Выполнил воин все повеленное; и когда та бочка была уже в море пущена, постоял он на берегу, покамест видно было, как она плывет, а затем, поворотясь, отправился к госпоже своей.
7. Был он уже близко от замка своего, как встретил вдруг кесарева гонца из Святой земли и спросил его:
— Отколе ты, любезнейший?
— Иду я из Святой земли, — тот ответствует.
— Какие же ты вести несешь?
А тот говорит:
— Господин мой кесарь скончался, и тело его ныне доставлено в единый из его замков.
Услышав сие, воин восплакался горько; и жена его, выйдя к ним и о кончине государя услышав, восскорбела свыше имоверности.
Но встал воин и сказал жене своей:
— Плач свой утишь, да не достигнет он до госпожи нашей: ничего мы ей не расскажем, покамест не оправится она от родовых мучений.
Сказав такую речь, вошел воин к госпоже своей, и жена за ним последовала. А госпожа, на них посмотревши и скорбь их приметивши, говорит:
— Любезнейшие мои, какова есть причина грусти вашей?
Хозяйка ей в ответ:
— Не грустим мы, но радостны, ибо избавилась ты от тяжкой опасности, в коей была.
Говорит госпожа:
— Неправду ты молвила: откройте мне все, не утаив ни доброго, ни злого.
Воин на это:
— Некий гонец прибыл с вестями из Святой земли от кесаря, нашего господина и вашего брата.
Говорит госпожа:
— Призвать гонца!
И когда призванный вошел, спрашивает:
— Что с господином моим?
Гонец ответствует:
— Господин ваш скончался, а тело его из Святой земли препровождено в единый из его замков и там подлежит погребению вместе с родителем вашим.

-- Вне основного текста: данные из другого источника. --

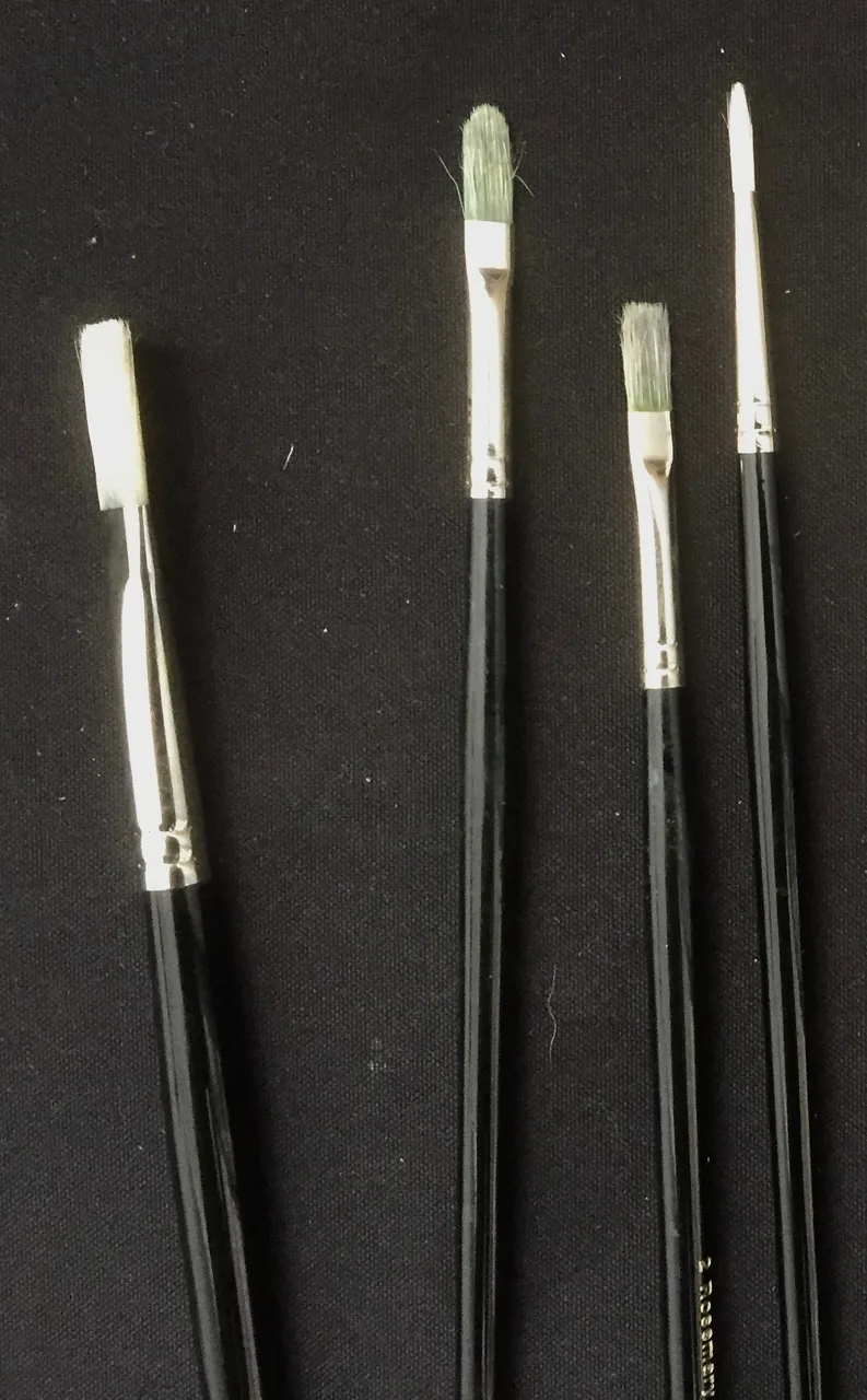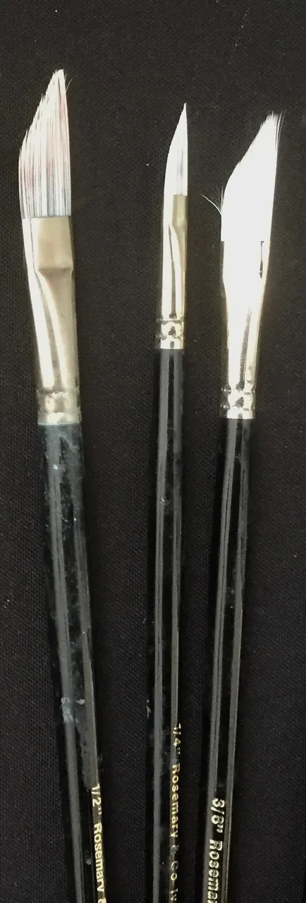 With more gestural brush strokes in mind I have opted for using mostly flat brushes, filberts and daggers.
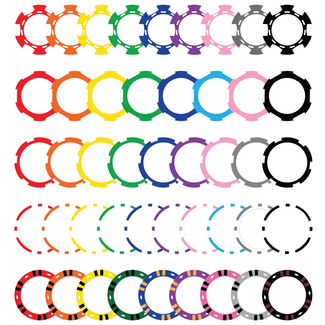 Classic casino-style six-stripe edge. Nine colors including Purple and Grey — a strong all-around choice for bar tokens, branded giveaways, and themed sets.
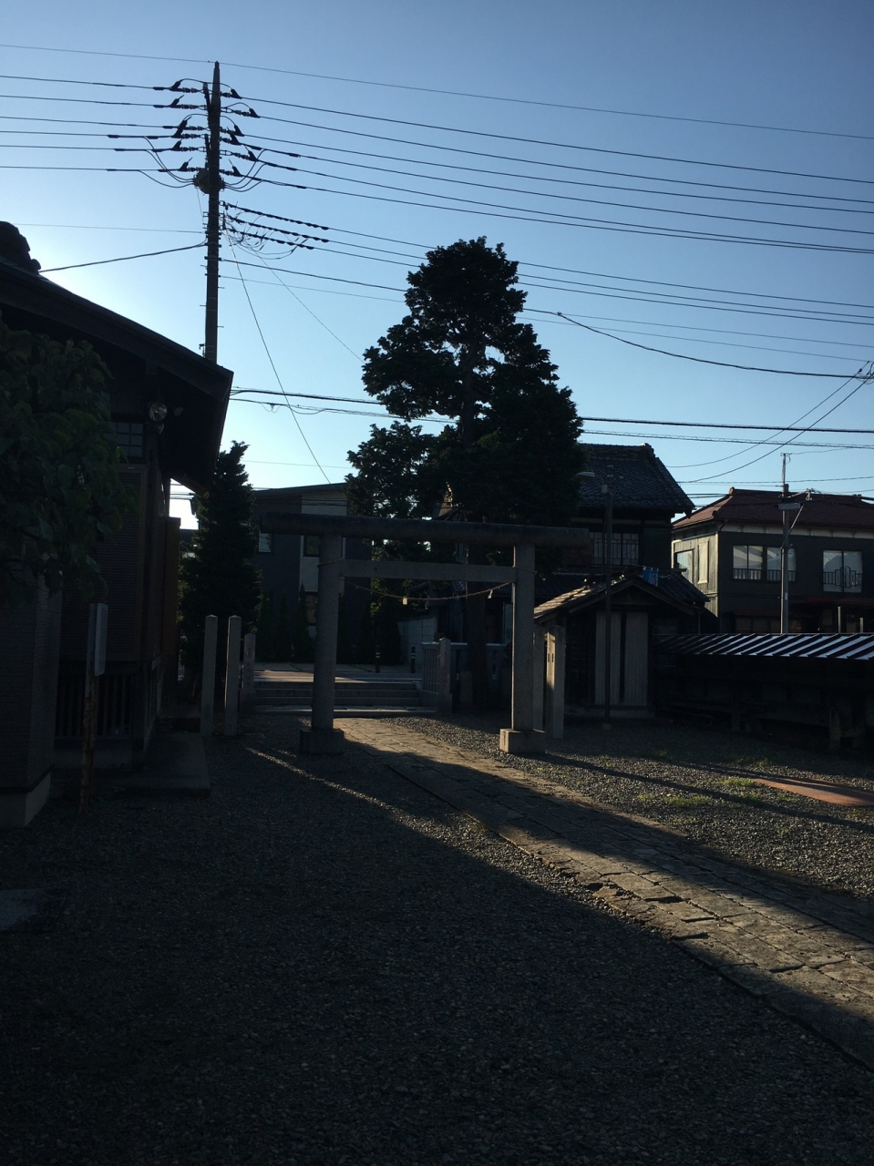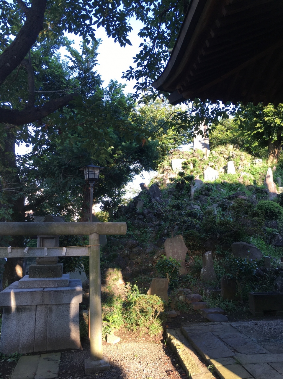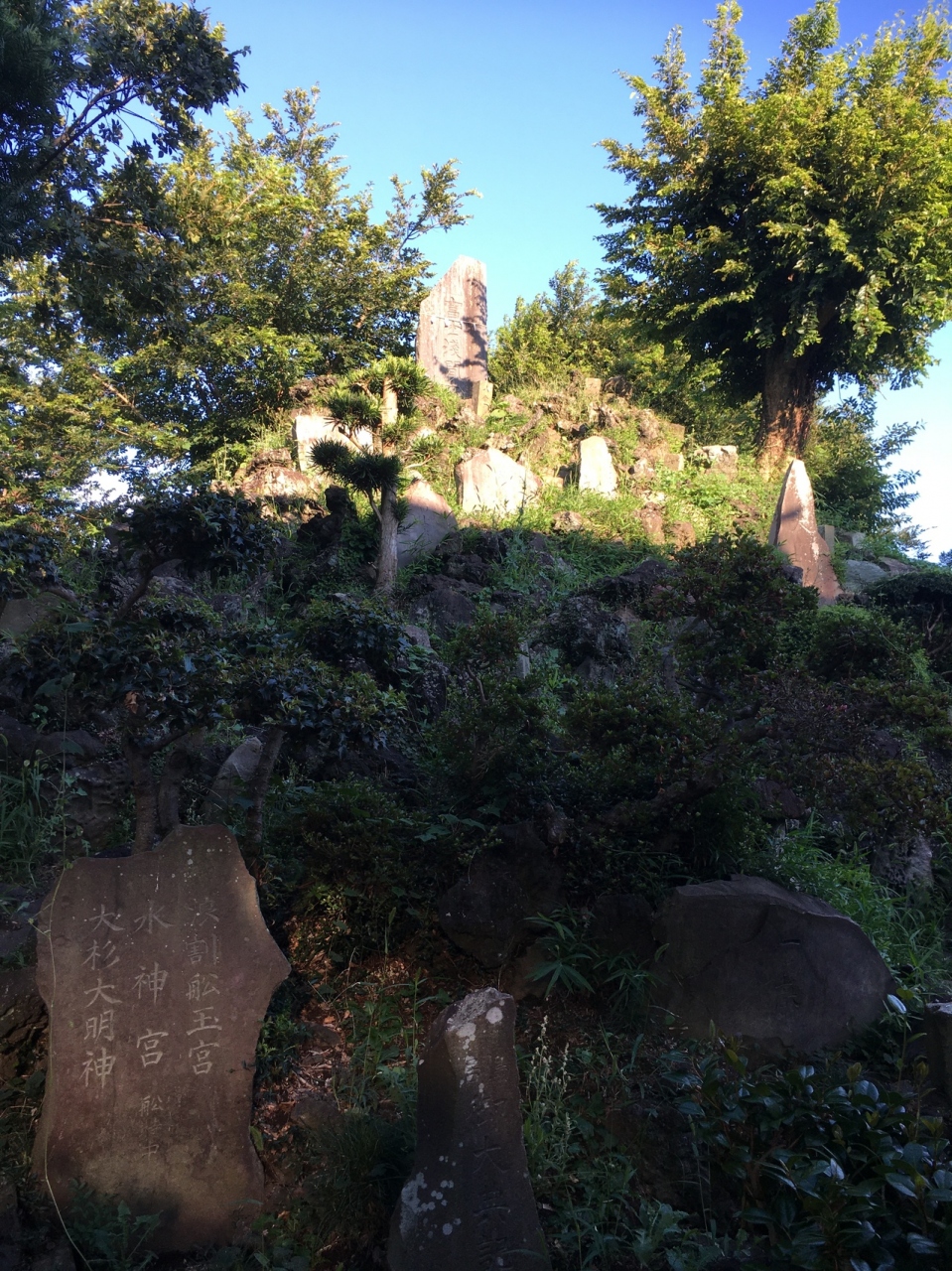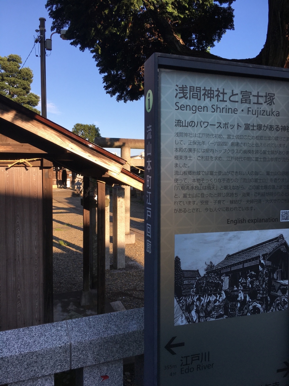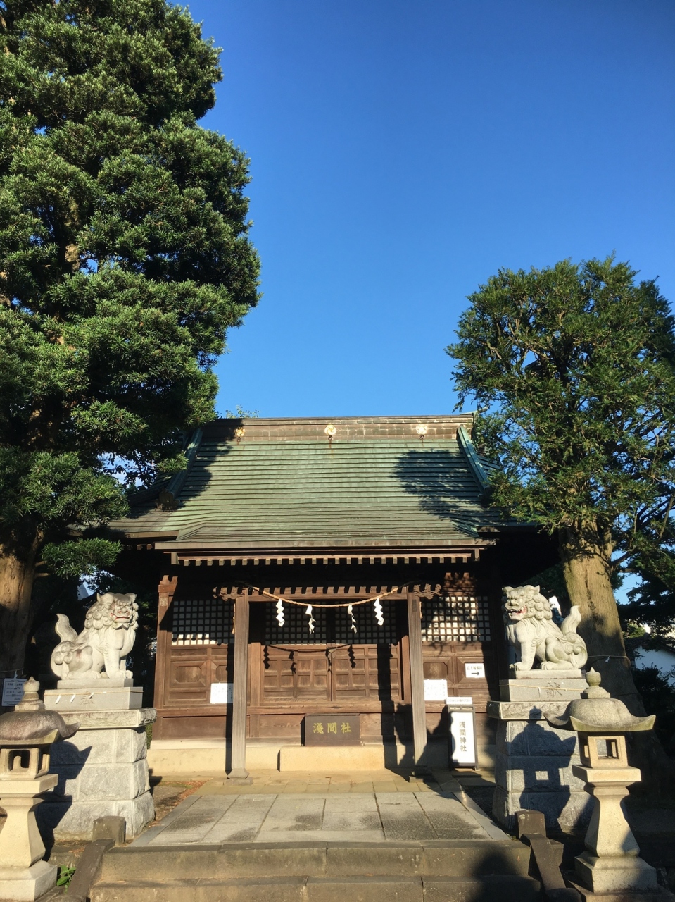 住宅街にある神社で、鳥居を潜ると正面に社殿と左右には末社がありました。社殿の真後ろに富士塚があり、富士山を模していて上がることが出来ます。溶岩等の岩があり、岩や石を掴みながら登りました。四合目、八合目等、標もあります。

Госпожа, сие услышав, поверглась на землю; и воин, видя скорбь ее, распростерся по земле, и жена его, и вестник. Предолгое время лежали они распростертые, и от великой скорби не было в них ни чувства, ни голоса. А по немалом времени поднялась госпожа, волосы на голове стала рвать, лицо свое до крови терзать и громким голосом восклицать:
— Горе мне! Да сгинет день, когда была я зачата, да забудется день, когда я была рождена! Сколько пагубы на мне! Вот свершилось: пала надежда моя, пала сила моя, брат мой единственный, души моей половина. Что мне делать отныне, не ведаю.
И на то сказал ей воин, восставши:
— Госпожа моя, тебе единой царство сие достоит по наследственному праву; если же ты умертвишь себя, достанется оно иноплеменникам. Восстанем же и направимся в то место, где обретается тело его, дабы погрести его с почестями, а потом размыслить, каковым образом подобает нам править царством.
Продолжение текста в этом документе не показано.